In step S240, location information of edges having corresponding first data values can be respectively determined from the plurality of first index blocks, to obtain a plurality of groups of edge location information, an intersection set of the plurality of groups of edge location information is selected, to obtain a location information intersection set, and the edge to be queried is obtained from the storage based on the location information intersection set. For example, edge location information (location information 1) having the timestamp of 8:00 to 10:00 can be determined from edge location information included in a timestamp index block, edge location information (location information 2) having the edge type of transfer can be determined from edge location information included in an edge type index block, and an intersection set of location information 1 and location information 2 can be selected. The obtained location information intersection set satisfies the two filter conditions. As such, unnecessary edge data may not be obtained, and a relatively small quantity of pieces of edge data can be read from the storage.
The plurality of index blocks can be independently stored in a form of a column, and can be respectively read. To improve reading efficiency, the location information of the edges having the corresponding first data values can be respectively determined from the one or more first index blocks through asynchronous query. In other words, for the plurality of first index blocks, a reading operation is concurrently performed by using a plurality of threads, so that processing efficiency is improved.
When data of the relation network are stored, a part of data are further stored in the volatile storage. For example, a part of data (newly added or updated data) can be first written into a memory layer, and then merged into a file layer of the disk when a specific condition is satisfied. Therefore, when edges satisfying the filter condition and using the first node as starting nodes need to be searched for, the memory can be searched for all edges using the first node as starting nodes, edges satisfying the filter condition are selected from these edges, and the edge to be queried can be obtained based on these edges and the edge corresponding to the location information of the edge obtained in step S240.
FIG. 4 is a schematic diagram illustrating a storage structure of a node and an edge. Data of nodes and edges in the memory layer can be stored based on the example in FIG. 4 . A column on the left is used to store node data, and a column on the right is edges associated with the node. A node can be stored based on a hash value of a node ID, so that the node can be quickly identified. Edges of a same node can be written into a linked list. In FIG. 4 , edges using node n1 as starting nodes include e1-2, e1-5, e1-3, e1-4, etc., and edges using node n2 as starting nodes include e2-7, e2-5, e2-15, e2-1, etc. Because there are fewer data in the memory layer, data of all edges using the first node as starting nodes can be directly read, and operations such as decryption and decryption can be performed on the data of the edges to filter out a target edge.
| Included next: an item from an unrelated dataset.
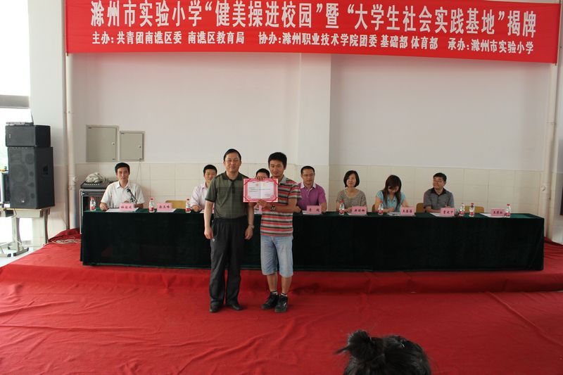 2012年5月10日下午,“Beat365唯一官方网站大学生社会实践基地”暨“健美操进校园”揭牌活动在滁州市实验小学艺术楼报告厅隆重举行。共青团南谯区委张伟书记、院团委王蓓蓓书记、基础部党总支书记李超同志、院健美操协会指导教师王厚红同志、以及南谯区教育局和实验小学的领导共同参加了揭牌仪式。

In some implementations, data of the relation network stored in the storage can be stored based on a structure of a data layer. Any data layer is used to store a plurality of nodes and one or more associated index blocks, and an edge that any one of the index blocks points to is stored in the data layer. In other words, an edge corresponding to location information included in an index block is stored in a data layer where the index block is located. Therefore, steps S220 to S240 can be performed for any data layer. Different data layers can include different edges of a node. After edges satisfying the filter condition are selected from different data layers, the edge to be queried can be determined based on the edges obtained from the different data layers. Or, location information of edges satisfying the filter condition is selected from different data layers, location information of the edge to be queried is determined based on the location information of these edges, and data of the edge are read from a corresponding data layer by using the location information.
In these implementations, in step S220, one or more index blocks associated with the first node in each of the one or more data layers of the storage can be obtained from the corresponding data layer, to obtain index block groups respectively corresponding to the one or more data layers.
In step S230, first index blocks corresponding to first edge data items can be respectively determined from the one or more index block groups based on the correspondence between an index block and an edge data item.
In step S240, location information of edges having first data values can be respectively determined from the first index blocks corresponding to the one or more data layers, and the edge to be queried can be determined based on the location information of the edges determined from the one or more data layers. For example, corresponding edges can be obtained from corresponding data layers based on the location information of the edges, and the edge to be queried can be determined based on the obtained edges of the different data layers. Edges obtained from different data layers can be duplicate or be of the latest version. In this case, the edge to be queried can be determined from the edges corresponding to the different data layers based on recorded metadata.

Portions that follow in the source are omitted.